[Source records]
↓↓↓

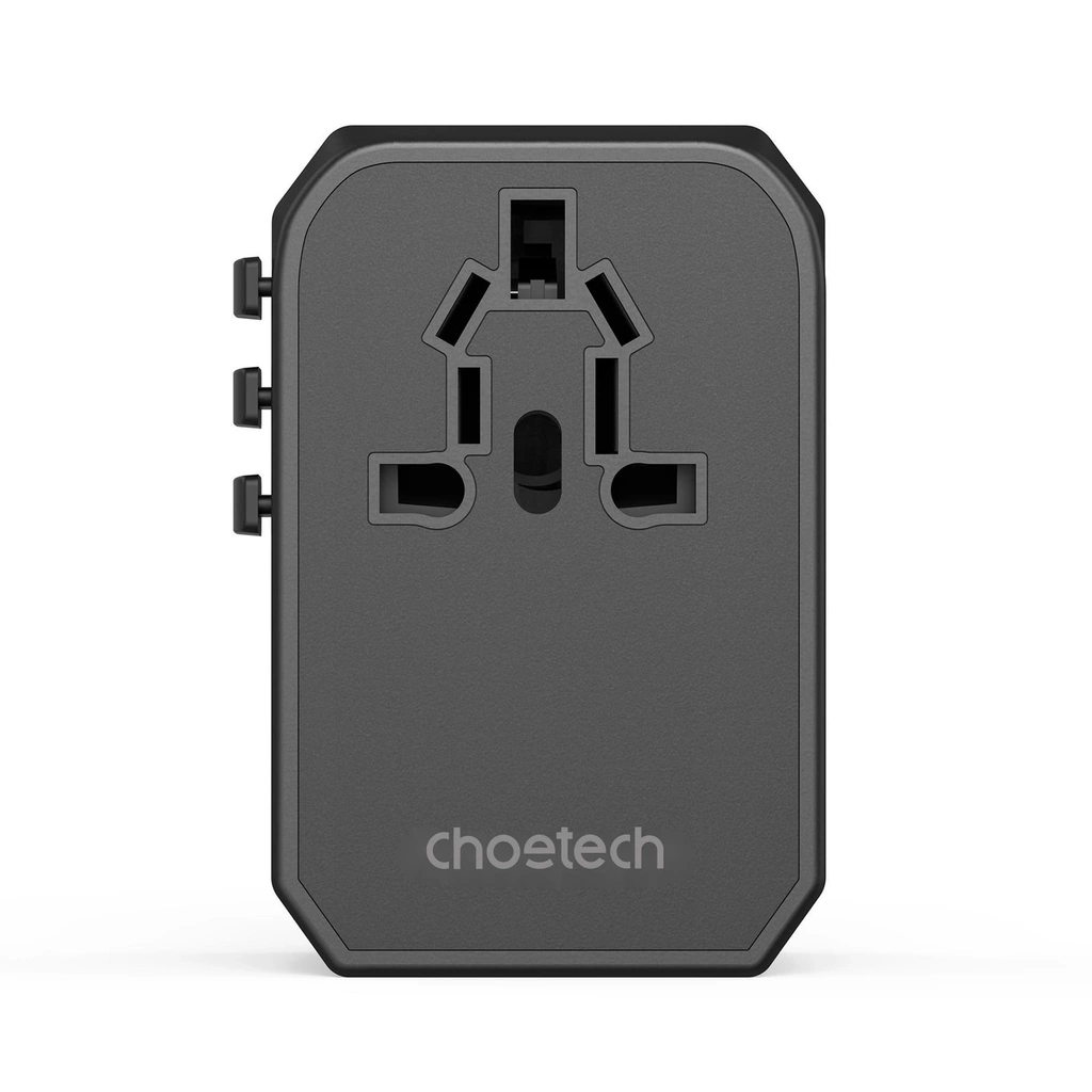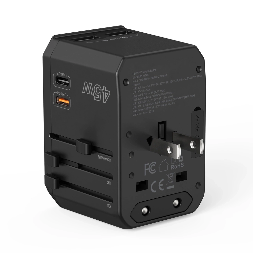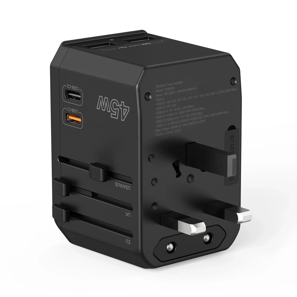 Caricabatterie da viaggio Choetech PD6045 GaN con connettori USB-C e USB-A con 4 spine (US, EU, UK, AU) - Nero
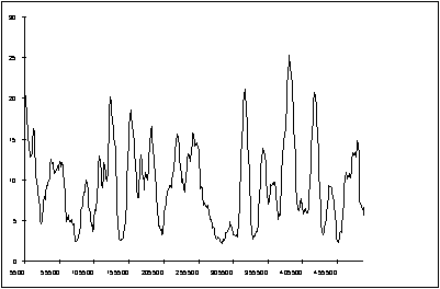 At first site it appears that there is no evidence for the onset of steady state conditions in Fig. 11.5 but if we construct a moving average for the results a different picture begins to emerges.
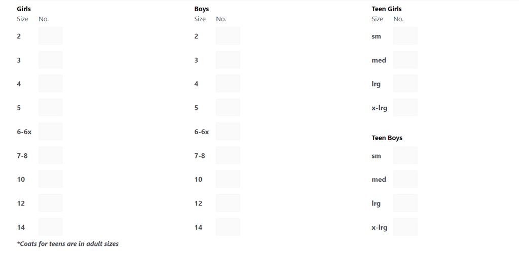 Jacket Racket has provided clean, gently used winter jackets to families since the 1980’s. They provide coats, snowpants, hats and mittens for families struggling. If you need any of the following, please email Ms. Casagranda accasagranda@cbe.ab.ca with your order. See the chart below for sizes:
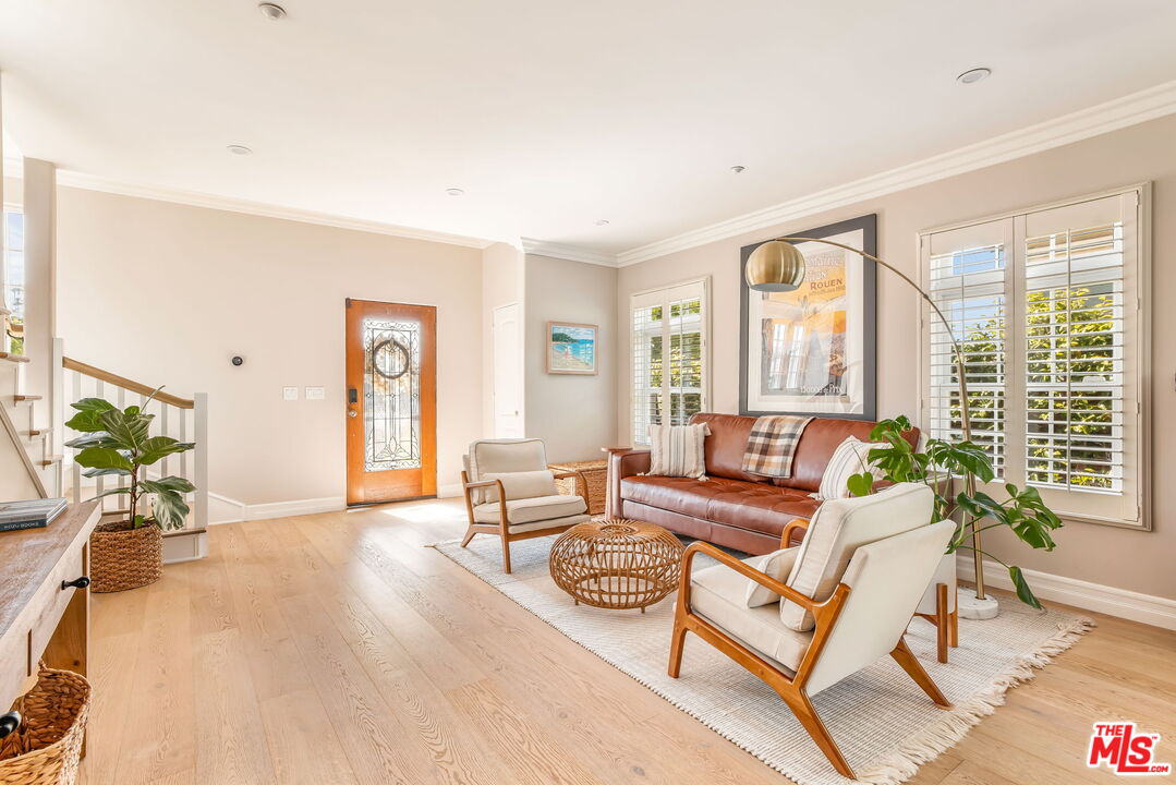 Crisp canyon air, awe-inspiring views, and a layout tailored for modern living define this radiant residence in the hills of Sherman Oaks. Framed by stacked stone and manicured landscaping, the entry unfolds to sunlit interiors of generous proportions anchored by light-toned oak flooring. Formal living and dining rooms extend seamlessly into the core of the home -- an open-concept great room with a wood-framed slider to the backyard. The kitchen features a central island, stainless steel appliances including double wall ovens and a gas cooktop, a prep sink, and quartz countertops. A built-in breakfast nook, wrapped in an enchanting bay window, invites immersion in the surrounding greenery. In the adjacent family room, a gas fireplace provides a cozy, sunlit gathering space. Designed with both relaxation and entertainment in mind, the outdoor living area includes a generous stone patio ideal for al fresco dining or lounging and a newly installed turf lawn surrounded by mature hedges. Enhancing the property's connection to the natural environment, far-reaching views stretch from the lush canyon to distant city lights and a meandering path descends the hillside. The two-level floor plan provides thoughtful separation and flexibility. On the main level, two well-appointed bedrooms share a full bath -- ideal for guest accommodations, office space, or extended stays. Upstairs, the expansive primary suite features a Juliet balcony, dual closets, and a spa-like bath with a soaking tub, double vanities, and glass-enclosed shower. Two additional ensuite bedrooms and a dedicated laundry room complete the upper level with both functionality and style. Ideally positioned just minutes from Ventura Boulevard, with easy access to renowned dining, boutique shopping, and prestigious private schools including The Buckley School and Harvard-Westlake, this hillside haven presents a rare opportunity to experience elevated living in one of Sherman Oaks' most desirable enclaves.Interested in this Listing?
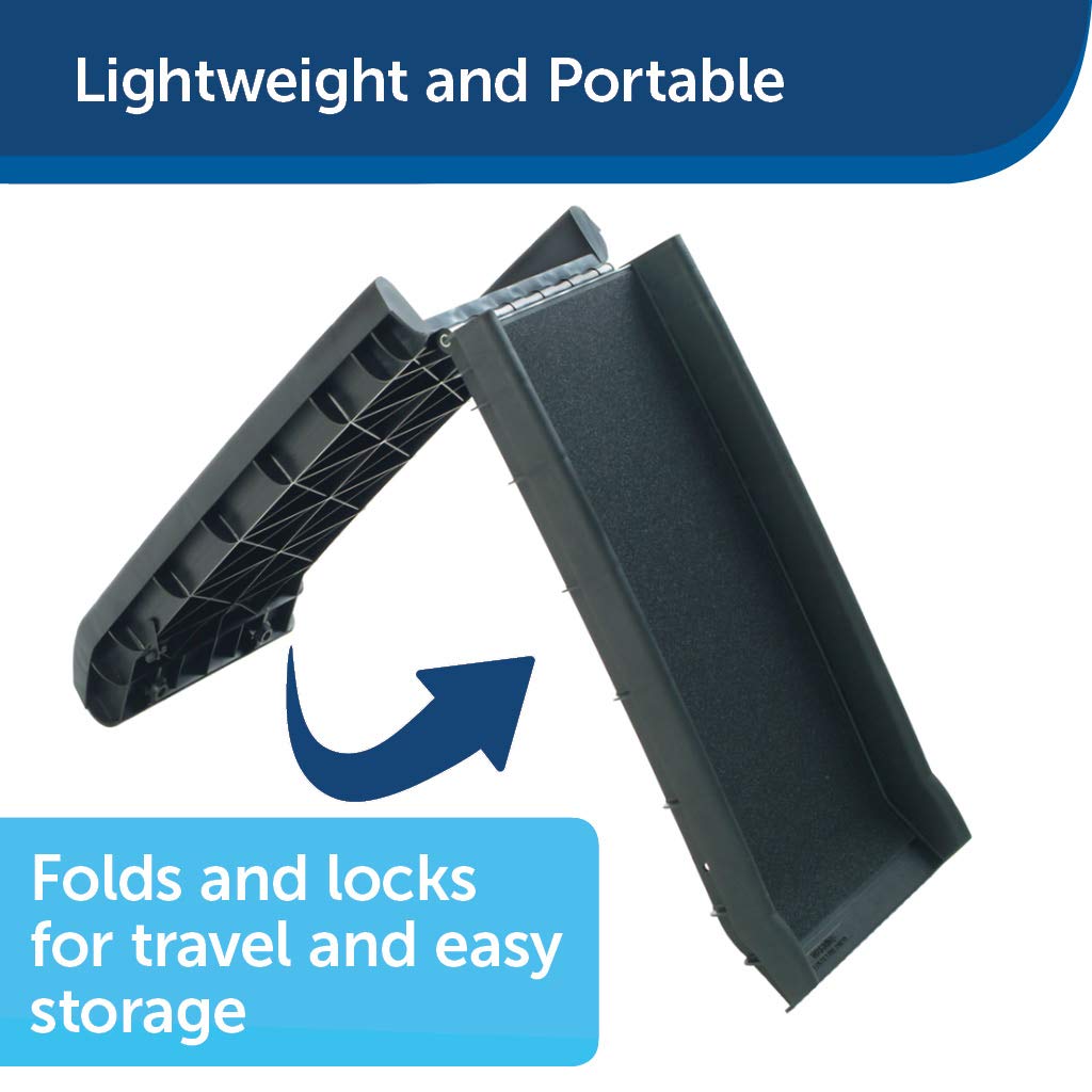 - SIMPLE TO STORE: Ramp easily folds in half and locks with a safety latch to let you conveniently store it in your vehicle.

↑↑↑

Restate the entries verbatim, without pictures.

 Caricabatterie da viaggio Choetech PD6045 GaN con connettori USB-C e USB-A con 4 spine (US, EU, UK, AU) - Nero
 At first site it appears that there is no evidence for the onset of steady state conditions in Fig. 11.5 but if we construct a moving average for the results a different picture begins to emerges.
 Jacket Racket has provided clean, gently used winter jackets to families since the 1980’s. They provide coats, snowpants, hats and mittens for families struggling. If you need any of the following, please email Ms. Casagranda accasagranda@cbe.ab.ca with your order. See the chart below for sizes:
 Crisp canyon air, awe-inspiring views, and a layout tailored for modern living define this radiant residence in the hills of Sherman Oaks. Framed by stacked stone and manicured landscaping, the entry unfolds to sunlit interiors of generous proportions anchored by light-toned oak flooring. Formal living and dining rooms extend seamlessly into the core of the home -- an open-concept great room with a wood-framed slider to the backyard. The kitchen features a central island, stainless steel appliances including double wall ovens and a gas cooktop, a prep sink, and quartz countertops. A built-in breakfast nook, wrapped in an enchanting bay window, invites immersion in the surrounding greenery. In the adjacent family room, a gas fireplace provides a cozy, sunlit gathering space. Designed with both relaxation and entertainment in mind, the outdoor living area includes a generous stone patio ideal for al fresco dining or lounging and a newly installed turf lawn surrounded by mature hedges. Enhancing the property's connection to the natural environment, far-reaching views stretch from the lush canyon to distant city lights and a meandering path descends the hillside. The two-level floor plan provides thoughtful separation and flexibility. On the main level, two well-appointed bedrooms share a full bath -- ideal for guest accommodations, office space, or extended stays. Upstairs, the expansive primary suite features a Juliet balcony, dual closets, and a spa-like bath with a soaking tub, double vanities, and glass-enclosed shower. Two additional ensuite bedrooms and a dedicated laundry room complete the upper level with both functionality and style. Ideally positioned just minutes from Ventura Boulevard, with easy access to renowned dining, boutique shopping, and prestigious private schools including The Buckley School and Harvard-Westlake, this hillside haven presents a rare opportunity to experience elevated living in one of Sherman Oaks' most desirable enclaves.Interested in this Listing?
 - SIMPLE TO STORE: Ramp easily folds in half and locks with a safety latch to let you conveniently store it in your vehicle.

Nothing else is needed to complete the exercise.